In a nutshell, he apologized on behalf of IniTech, explained that he was aware that Mr. Jones was recently under a lot of personal stress, perhaps manifesting itself in such behavior, that he and all at his level are extremely satisfied with our products and support, and have no intention of switching service providers in the foreseeable future. He personally apologized to me for the incident. We never saw Mr. Jones.

My immediate boss and I sat there through the meeting, me with my mouth shut, trying to pull off “attentive, mildly concerned,” for the duration. When Mr. Smith apologized to me personally, I smiled and we shook hands.

We left on good terms, and Mike bought us lunch at Denny’s on his way to the airport to fly home.
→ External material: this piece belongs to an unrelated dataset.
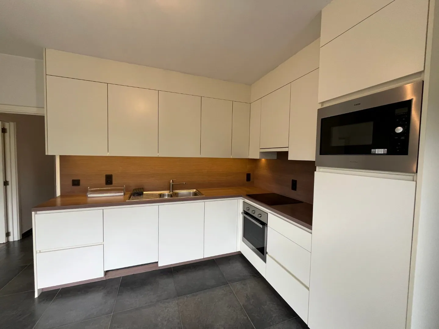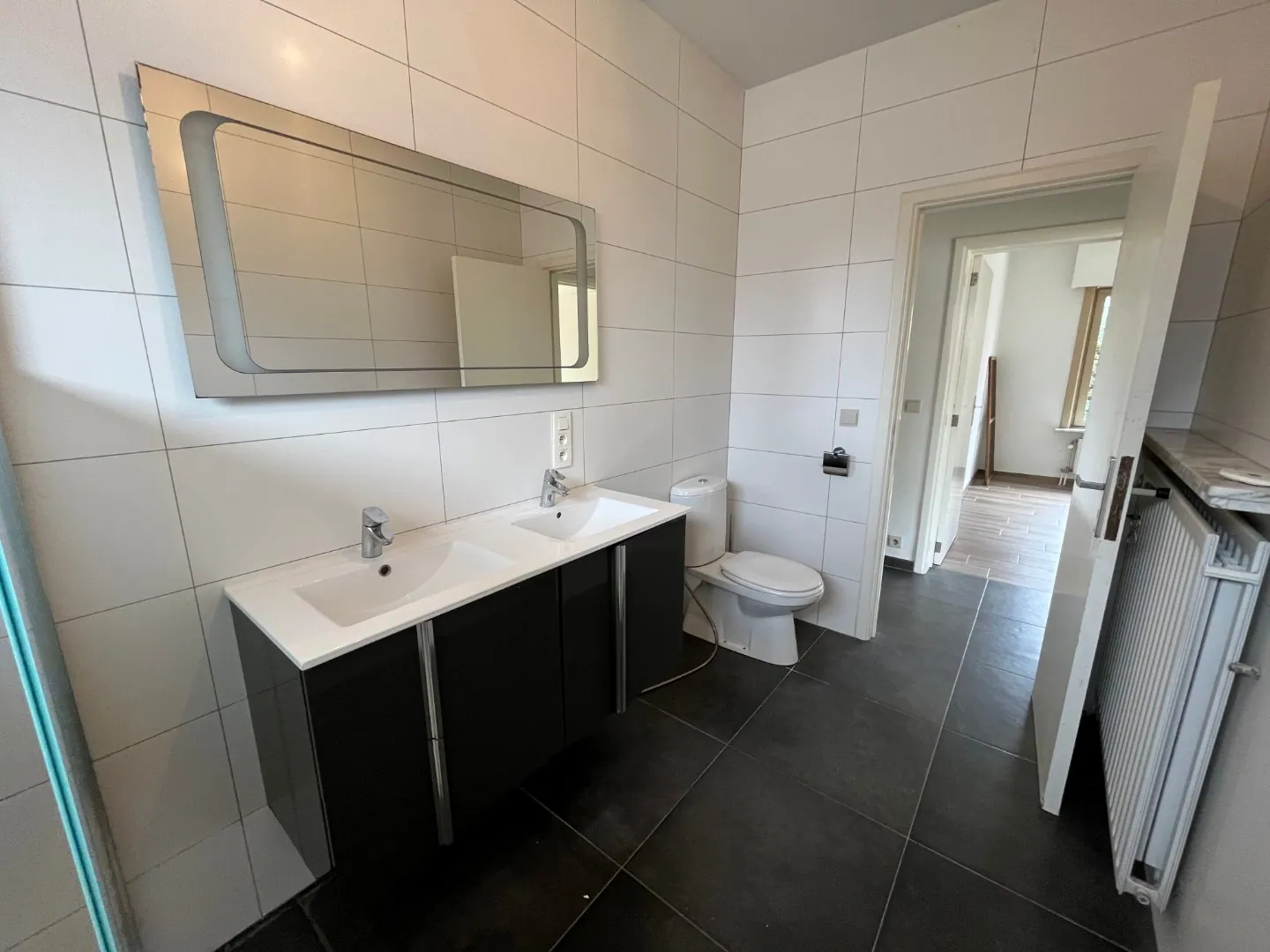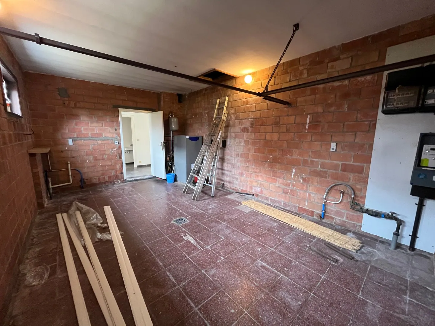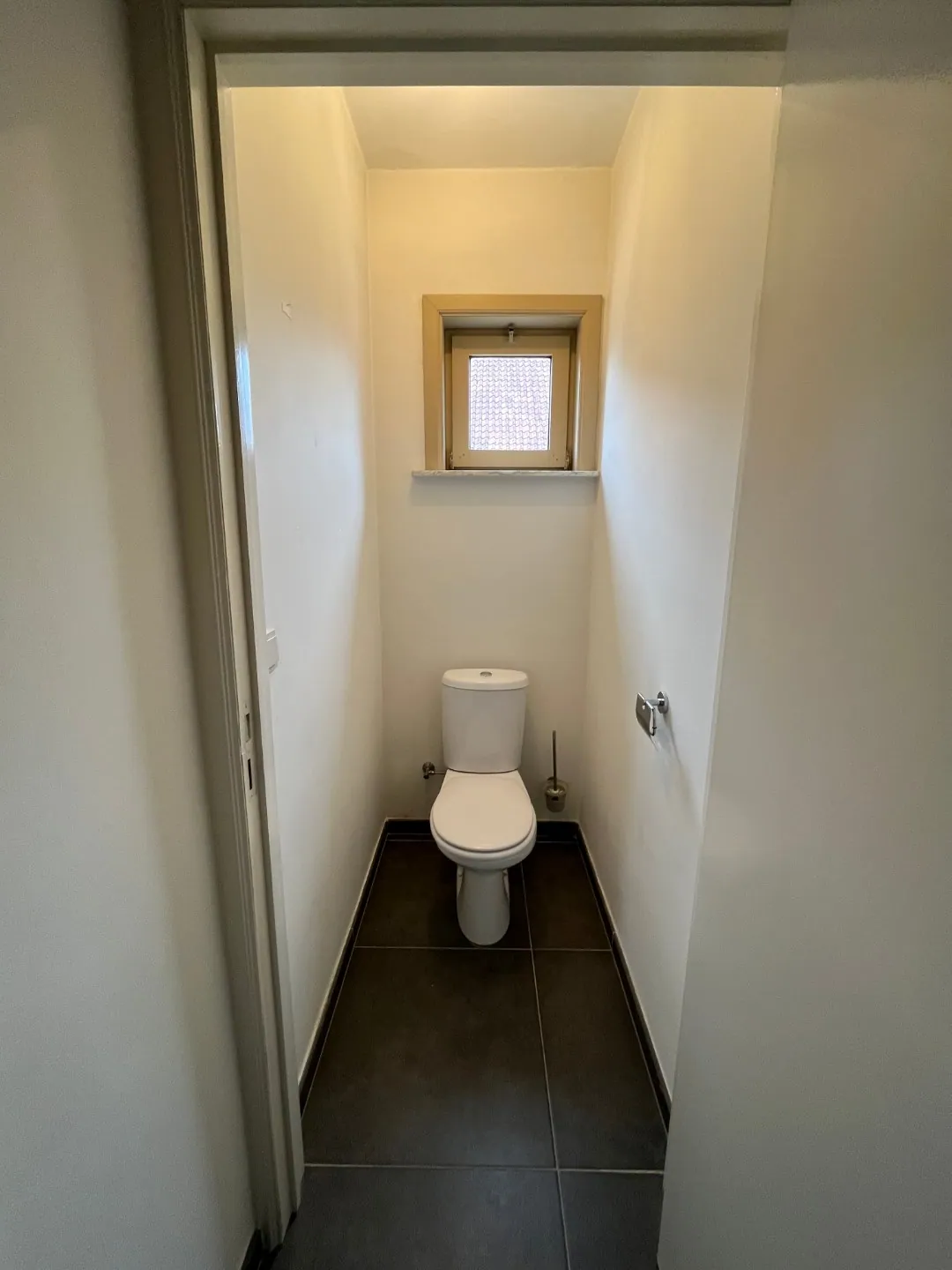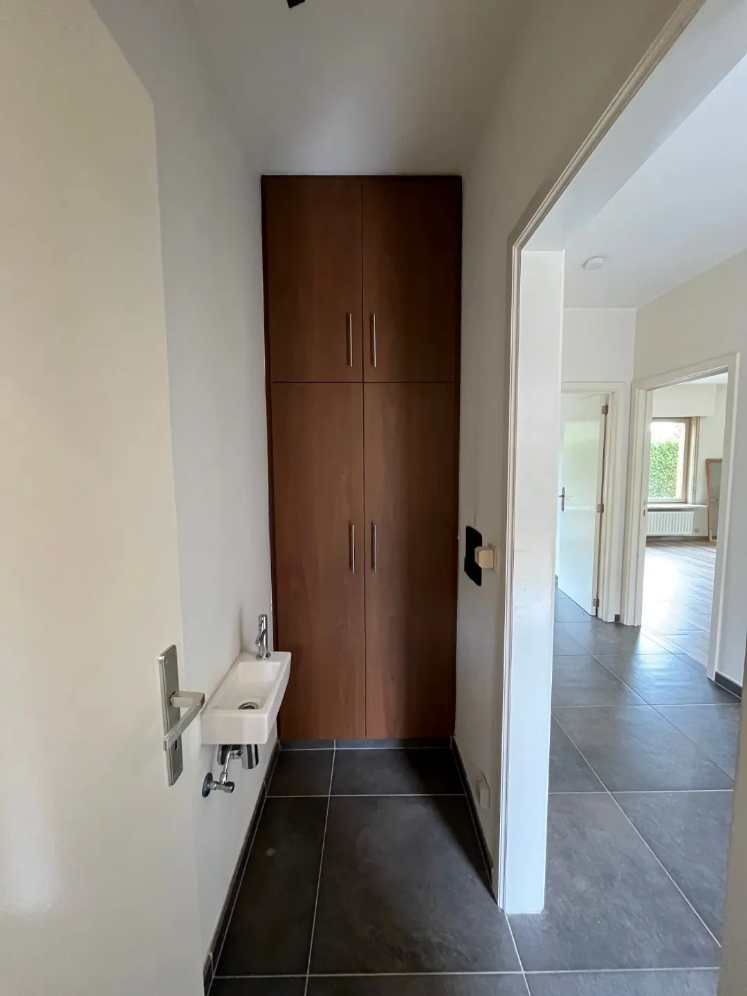Bij binnenkomst vind je een inkomhal met vestiaire en afzonderlijk toilet. De ruime en lichtrijke leefruimte sluit aan op de volledig ingerichte keuken (vaatwasser, oven, microgolf en keramische kookplaat) met aanpalende kelderberging. Vanuit de keuken is er directe toegang naar het terras en de tuin.

I’m back at work, trying to line up all the niggling little details for a project I’ll be starting on next week.

All’s well that ends well, I suppose. I know the “better part” of me should feel bad for Mr. Jones* and his curent situation, whatever it may be, and hope things get better for him soon. And there’s a small part of me that does feel this way.

There’s another part of me that’s thankful my employer takes sufficient precautions that I was vindicated almost instantly, and that there’s no backlash on me whatsoever.

But overall, I’m having a hard time getting past the point that he lied to try to get me disciplined, or fired. I don’t take it personally; I just happened to be the guy that wandered into his “crosshairs” on an really bad day. That doesn’t mean I have to like it.

But as they say, “c’est la vie.” It is done.

Onward.

I wonder if the “under a lot of stress lately” is sort of a face saving move by the Initech boss.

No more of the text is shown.